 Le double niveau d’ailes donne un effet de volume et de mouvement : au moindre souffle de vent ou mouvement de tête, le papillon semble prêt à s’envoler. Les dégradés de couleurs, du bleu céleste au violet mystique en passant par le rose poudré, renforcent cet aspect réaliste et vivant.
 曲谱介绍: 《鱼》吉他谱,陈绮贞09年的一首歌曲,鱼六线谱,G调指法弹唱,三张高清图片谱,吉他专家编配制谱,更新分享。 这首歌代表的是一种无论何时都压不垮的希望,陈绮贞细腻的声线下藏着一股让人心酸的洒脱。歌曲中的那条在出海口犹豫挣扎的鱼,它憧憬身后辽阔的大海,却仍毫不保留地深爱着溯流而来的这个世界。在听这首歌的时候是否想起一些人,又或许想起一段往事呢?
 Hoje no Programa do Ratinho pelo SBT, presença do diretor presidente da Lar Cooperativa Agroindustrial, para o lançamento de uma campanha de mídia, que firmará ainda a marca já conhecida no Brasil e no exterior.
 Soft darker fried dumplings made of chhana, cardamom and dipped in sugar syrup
--
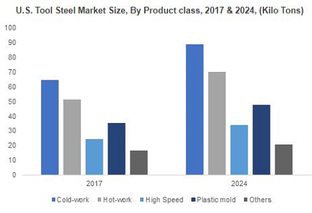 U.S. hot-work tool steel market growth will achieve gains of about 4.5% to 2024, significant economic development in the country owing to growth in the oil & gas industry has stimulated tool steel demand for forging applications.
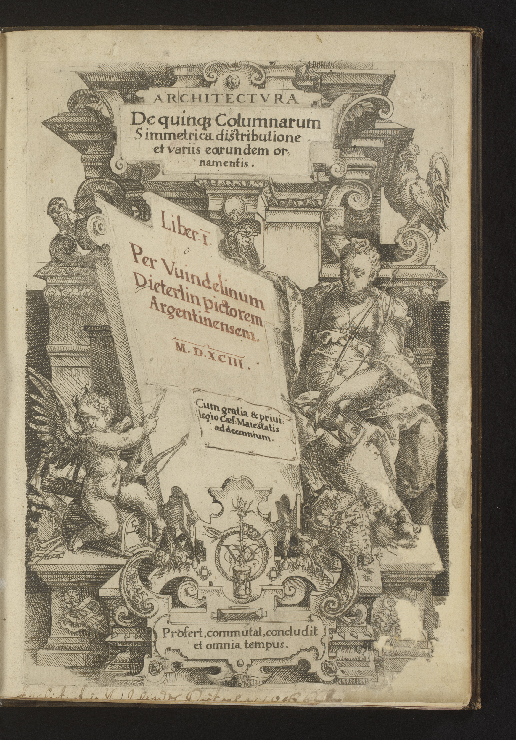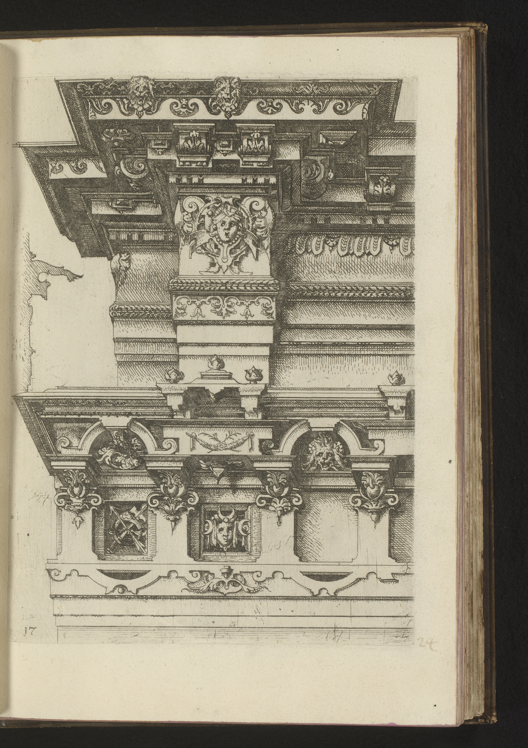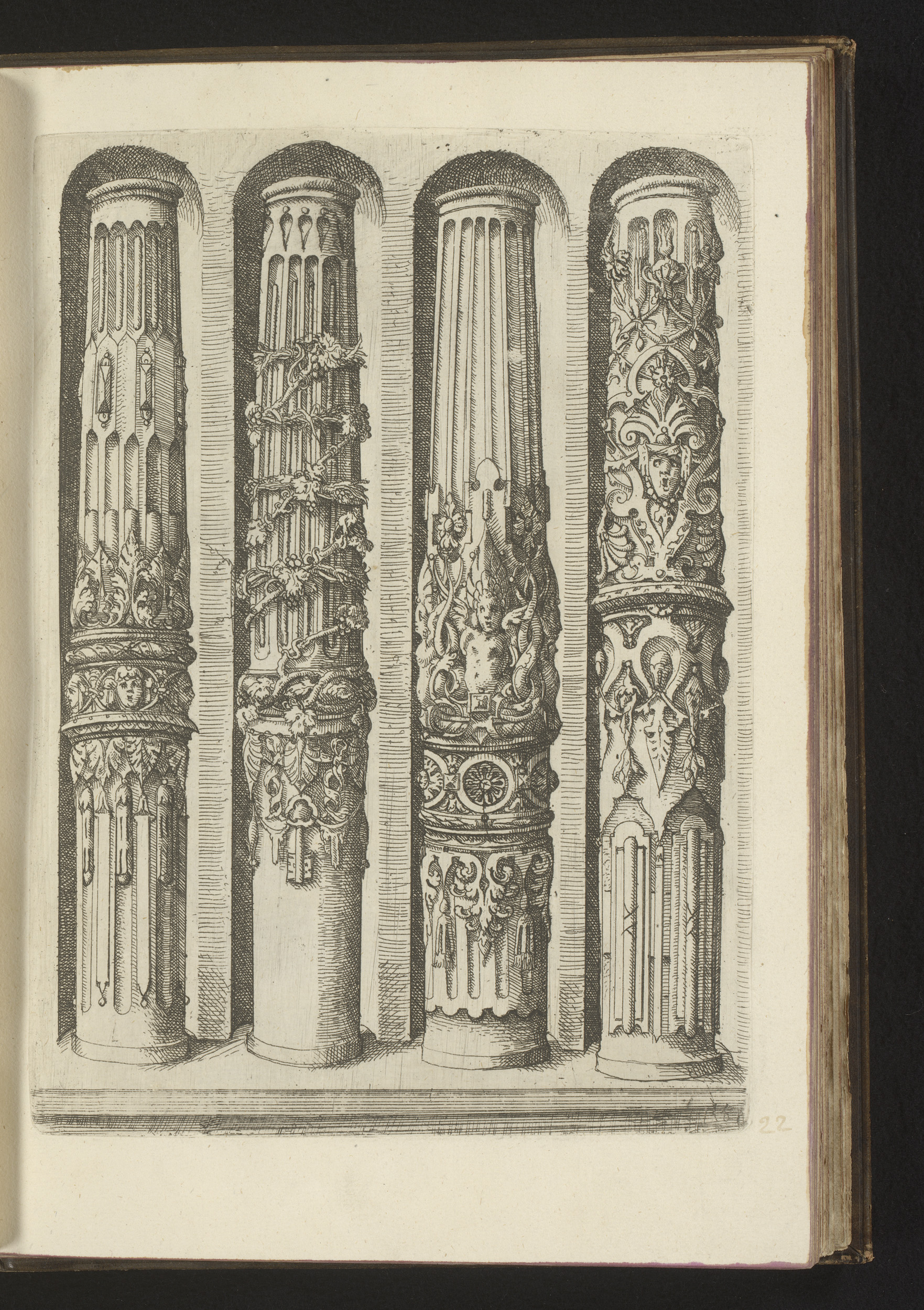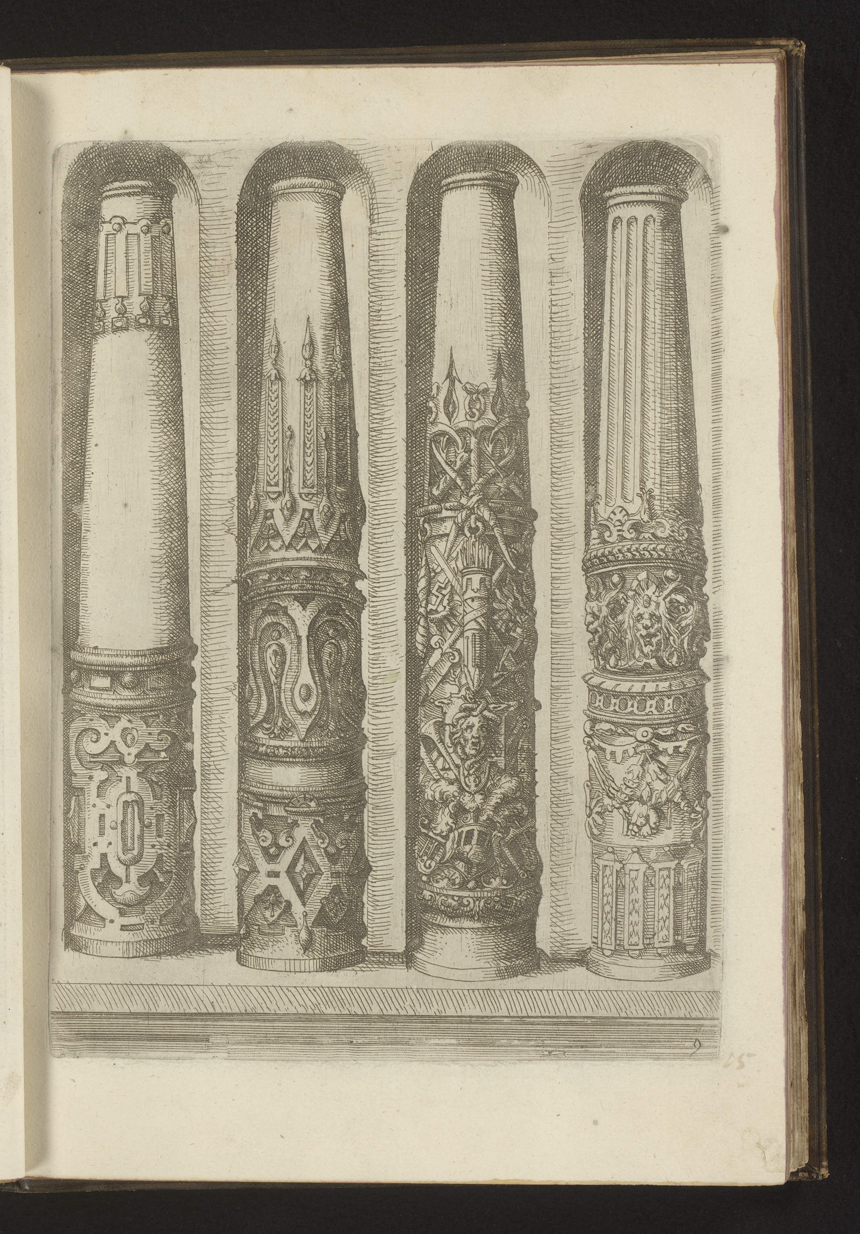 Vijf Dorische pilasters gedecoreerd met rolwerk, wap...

Exercise: From the records above, copy out the line with "Hoje no Programa", the line with "Soft darker fried", and every line between them, word for word.

Answer to this exercise:
 Hoje no Programa do Ratinho pelo SBT, presença do diretor presidente da Lar Cooperativa Agroindustrial, para o lançamento de uma campanha de mídia, que firmará ainda a marca já conhecida no Brasil e no exterior.
 Soft darker fried dumplings made of chhana, cardamom and dipped in sugar syrup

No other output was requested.